Secara fisik, Gripen mungkin diremehkan karena bermesin tunggal. Tapi keunggulan utama pesawat buatan SAAB ini adalah pada kemampuan jaring radarnya yang terintegrasi dengan semua radar buatan SAAB baik di darat maupun di udara. Saat ini radar pertahanan Indonesia didominasi produk SAAB.
Misalkan, 1 Gripen patroli di Nunukan, Kalimantan dan 1-nya lagi patroli di laut Bali. Apa yang dilihat Gripen di Nunukan bisa dilihat oleh Gripen yang di laut Bali secara langsung. Saat radar Gripen di Nunukan mendeteksi ancaman pada jarak 180KM dari batas teritorial Indonesia, Gripen di laut Bali bisa segera memberi bantuan tanpa komando dari pusat kendali di darat.
Kelebihan lainya, Gripen membutuhkan bisa mendarat dan terbang dengan landasan pacu yang lebih kecil. Untuk operasionalnya, Gripen juga membutuhkan kru di darat lebih sedikit.

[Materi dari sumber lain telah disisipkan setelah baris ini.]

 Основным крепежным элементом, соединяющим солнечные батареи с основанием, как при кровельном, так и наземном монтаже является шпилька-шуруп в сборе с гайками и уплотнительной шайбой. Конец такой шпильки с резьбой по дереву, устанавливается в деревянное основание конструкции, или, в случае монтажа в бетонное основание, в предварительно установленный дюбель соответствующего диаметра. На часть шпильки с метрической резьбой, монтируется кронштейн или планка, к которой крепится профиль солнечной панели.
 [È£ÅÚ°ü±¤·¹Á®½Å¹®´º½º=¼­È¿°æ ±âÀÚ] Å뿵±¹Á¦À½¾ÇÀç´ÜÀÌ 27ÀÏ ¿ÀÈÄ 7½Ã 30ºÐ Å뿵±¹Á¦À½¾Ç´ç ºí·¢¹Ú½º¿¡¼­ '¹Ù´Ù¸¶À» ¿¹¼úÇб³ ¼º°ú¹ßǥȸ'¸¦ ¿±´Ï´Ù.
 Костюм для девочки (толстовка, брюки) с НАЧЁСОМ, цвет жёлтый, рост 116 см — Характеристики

Ini membuka peluang bagi Indonesia untuk bisa menyembunyikan di pulau manapun dan dengan fasilitas fisik bandara yang minimalis. Saat ini, jika 3 bandara utama dilumpuhkan (Jakarta, Madiun dan Makassar) maka praktis TNI AU sudah tak berkutik.
Dengan transfer teknologi 100% dari SAAB, Indonesia berpeluang untuk memproduksi Gripen dengan biaya yang lebih murah dan membantu pengembangan IFX.

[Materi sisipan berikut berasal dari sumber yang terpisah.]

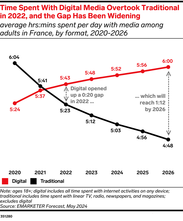 • Time Spent With Digital Media Overtook Traditional in 2022, and the Gap Has Been Widening (average hrs:mins spent per day with media among adults in France, by format, 2020-2026)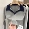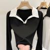 Camiseta de manga larga con cuello polo para mujer, diseño Sense Niche, primavera temprana, nueva costura, top corto con cuello en V, camisa interior para mujer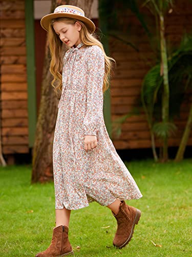 Girls Casual Elastic Crew Neck Floral Printed Solid Color A-line Swing High Waist Midi Belted Dress with Pocket 5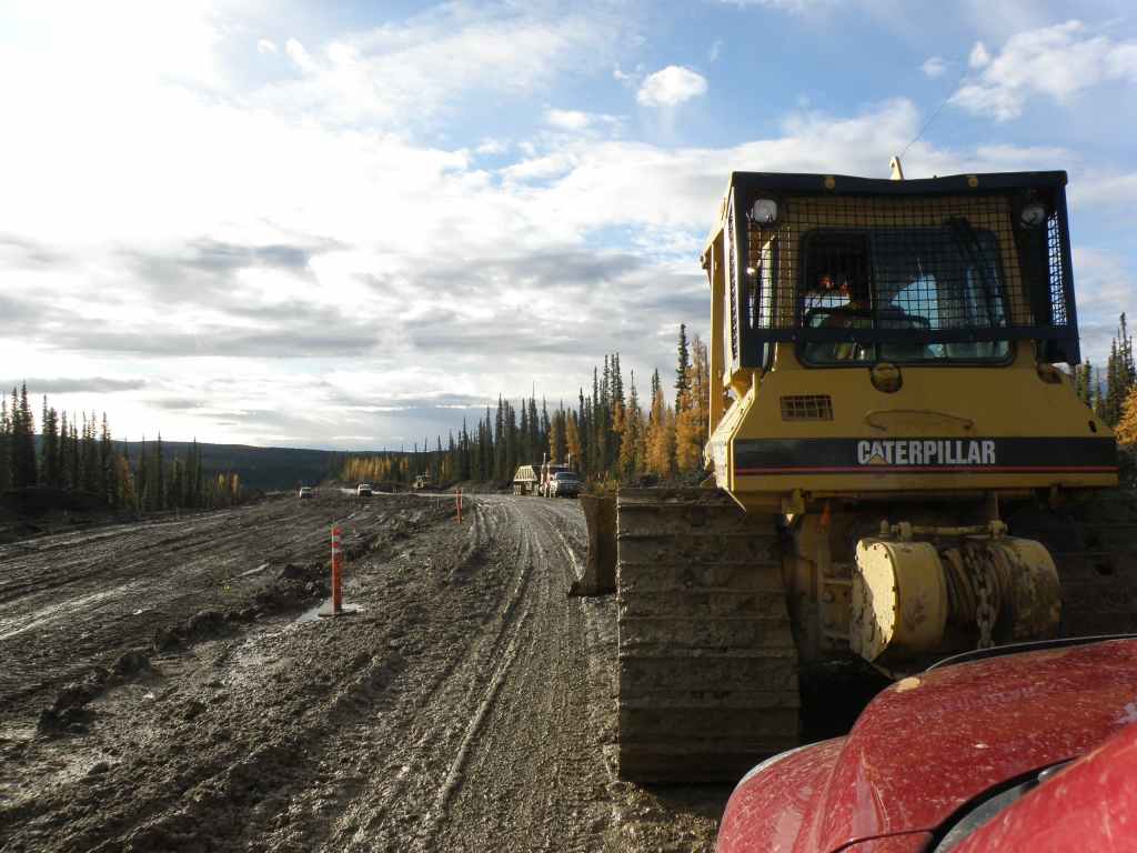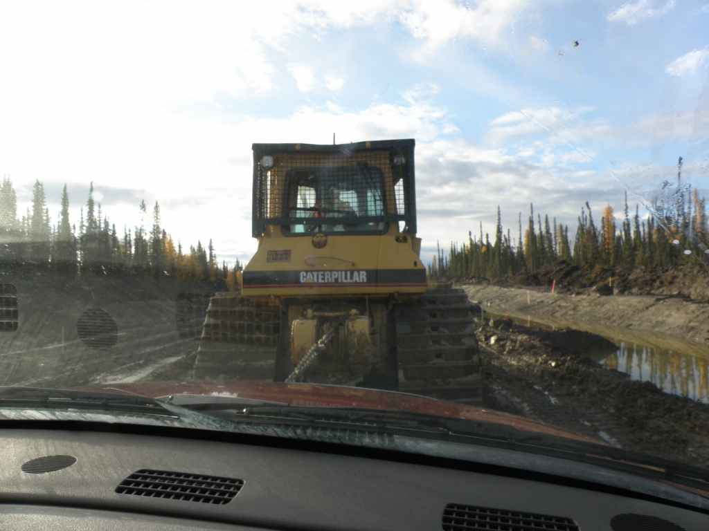 Nous ne sommes plus qu’à 80 km de Watson Lake et des routes goudronnées, mais nous ne sommes pas au bout de nos peines. En effet, après quelques kilomètres de piste, des travaux gigantesques de réfection de la route sont en cours. La piste se transforme en un champ de labour. J’enclenche donc les 4 roues motrices et me lance… pas longtemps ! La voiture se pose sur la boue et s’embourbe. J’arrive tout de même à reculer. Au loin, un employé a vu la manœuvre et arrive avec son Caterpillar à chenilles. Il se place devant moi et me dit avec un grand sourire qu’il va nous faire traverser la zone. Il nous attache donc avec une chaîne et nous tracte jusqu’à ce que le terrain soit plus dur. Ça balance à gauche, à droite mais ça passe… après nos remerciements on repart sur piste plus dure mais toujours très boueuse.

Jika tawaran di atas diabaikan oleh Indonesia, bisa dipastikan SAAB akan menyetujui transfer teknologi yang lebih besar ke Thailand, sejalan dengan rencana Thailand untuk menambah jumlah Gripen yang dimilikinya.
3. Kesempatan Menjadi Basis Produksi F-16 Viper bisa Disabet India.
Lockheed Martin (LM) dan Pemerintah Amerika Serikat (AS) sedang getol menawarkan F-16 blok 70 (Viper). F-16 Viper dipercaya setara dengan Gripen dalam hal sistem avionik, karena bakal dicangkokan teknologi F-35.
F16 Viper |
LM dan AS membuat program untuk merakit F-16 Viper di luar negeri, dengan pertimbangan tingginya biaya operasional produksi di dalam negeri AS, kapasitas pabrik LM yang sudah penuh dan untuk kepentingan politik AS di kawasan.
India berada di garis depan untuk mendapatkan proyek Viper ini, sejalan dengan program mereka MII (Make in India). Tapi Washington masih menunda deal yang telah terjadi antara India dan LM selaku produsen.
Pihak Washinton malah getol menawarkan proyek Viper ini ke Indonesia, mungkin karena didasari geopolitik di kawasan Asia Pasifik dan Laut China Selatan yang lebih penting. Washington memproyeksikan Indonesia sebagai basis produksi F-16 untuk wilayah pemasaran Asia pasifik.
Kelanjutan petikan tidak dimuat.